How does a health care provider connect to NC HealthConnex?

How does a health care provider connect to NC HealthConnex?

  1. The first step is reviewing and signing the Participation Agreement, which is the contract that governs the data sharing between the health care provider and the NC HIEA. This agreement can be found on our website with instructions for completion. For more information, visit our How to Connect page. Interested providers may also join a monthly “How to Connect Call” that is scheduled for the last Monday of each month at noon.
  2. The second step is to have required technology in place. The NC HIEA Participation Agreement requires EHRs that are minimally capable of sending HL7 messages, version 2 and higher. EHR products that are ONC-certified for Meaningful Use for Centers for Medicare & Medicaid Services (CMS) Incentive Programs can usually connect more easily to NC HealthConnex. The NC HIEA has also created a technology specification and data target that can be found here. This document can also be used to ensure that your EHR vendor can meet our technology standards.

Providers who are planning to install and use an electronic health record system (EHR/EMR) in their practice should expect the process to last on average 12 to 18 months, as follows:

  • Six to nine months for procurement
  • Three to six months for implementation and training
  • Three to four months for onboarding to NC HealthConnex.
How does a health care provider meet the "connected" requirement?

How does a health care provider meet the "connected" requirement?

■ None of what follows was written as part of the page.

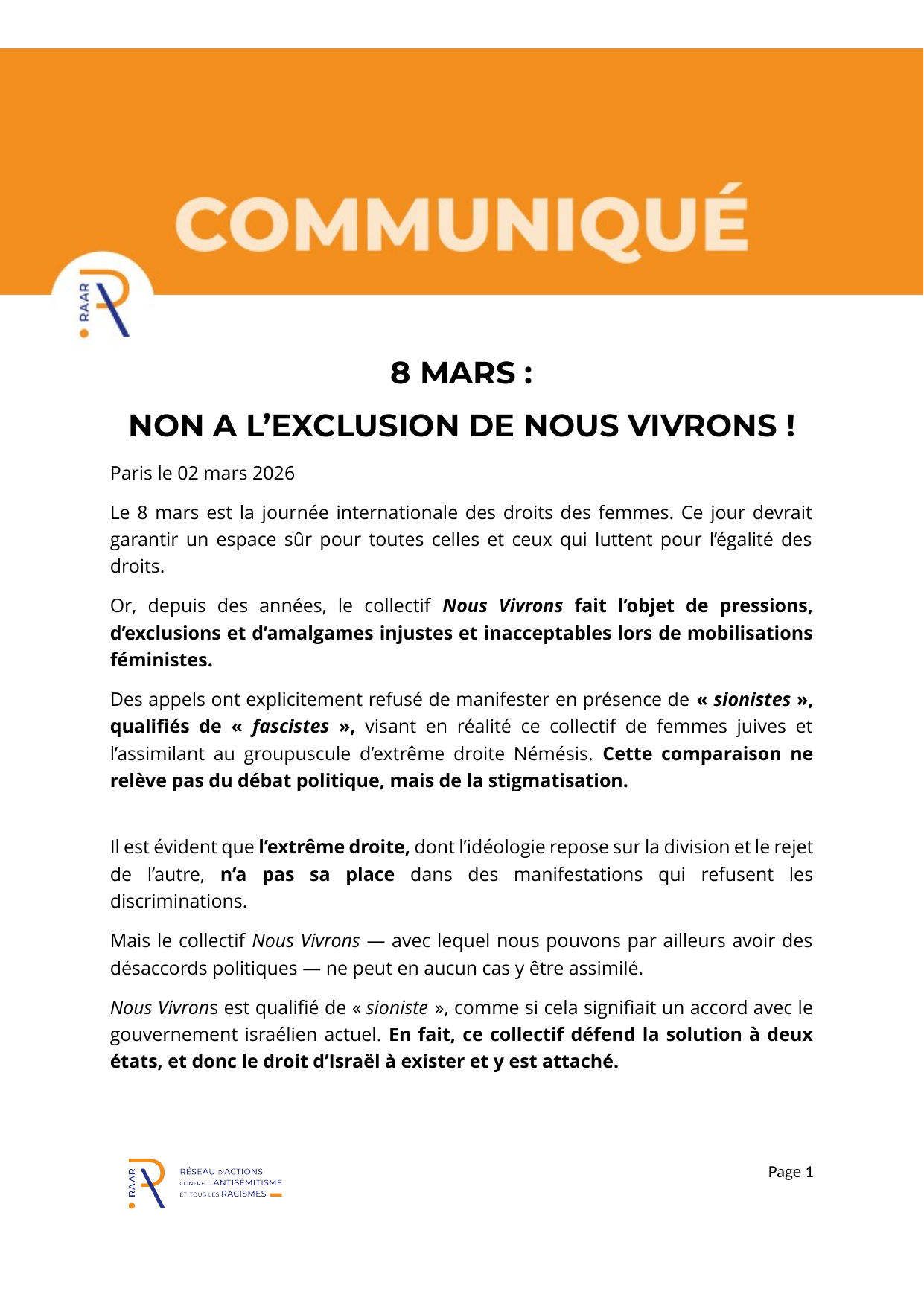 Communiqué du RAAR

A health care provider is considered “connected” when its clinical and demographic information pertaining to services paid for by Medicaid and/or other state health care funds are sent to NC HealthConnex daily. This transmission of information may be through a direct connection to NC HealthConnex or through an indirect connection, such as through another HIE, EHR vendor or a similar affiliate. Participation agreements must provide details of indirect connections through other entities, such as Mission Health’s HIE.

Does HIPAA allow health care providers to submit data beyond the state’s requirements in the HIE Act?

Does HIPAA allow health care providers to submit data beyond the state’s requirements in the HIE Act?

The Health Insurance Portability and Accountability Act (HIPAA) and the U.S. Department of Health and Human Services (HHS) contemplate such exchange of health information. Health care providers and other covered entities are permitted to voluntarily share patient data with business associates, such as health information organizations like NC HealthConnex. See the definition of “business associate” in 45 C.F.R. § 160.103, which includes health information organizations; see also 45 C.F.R. § 164.502(a);(e)(1). HIPAA also recognizes that the disclosure of protected health information (PHI) may be required by law and does not limit what amount of data should be exchanged in that circumstance. 45 C.F.R. § 164.512 and 164.502(b)(2)(v).

In addition, if disclosure of PHI is required by law, providers do not have to seek authorization from the patient before making such a disclosure. 45 C.F.R. § 164.512. Furthermore, covered entities may seek but are not required to obtain patient consent for disclosures made for the purposes of treatment, payment, and health care operations unless an exception applies. 45 C.F.R. § 164.506.

Participation Agreement

What is the Participation Agreement?

What is the Participation Agreement?

The Participation Agreement is the legal contract that governs data sharing between the health care provider and the NC HIEA. This agreement can be found on the NC HealthConnex website with instructions for completion.

The Full Participation Agreement, which is aligned with the eHealth Exchange the Data Use and Reciprocal Support Agreement or DURSA , allows providers full use of current and future NC HealthConnex value-added features and satisfies the State requirement to submit, at a minimum, clinical and demographic data for the provision of health care services paid by state funds. Organizations with a Full Participation Agreement may submit data to NC HealthConnex either through a uni-directional connection or a bi-directional data connection. Full participants with a uni-directional connection can access patient data using the NC HealthConnex clinical portal. Bi-directional, or EHR-integrated participants, view NC HealthConnex clinical data within their EHR.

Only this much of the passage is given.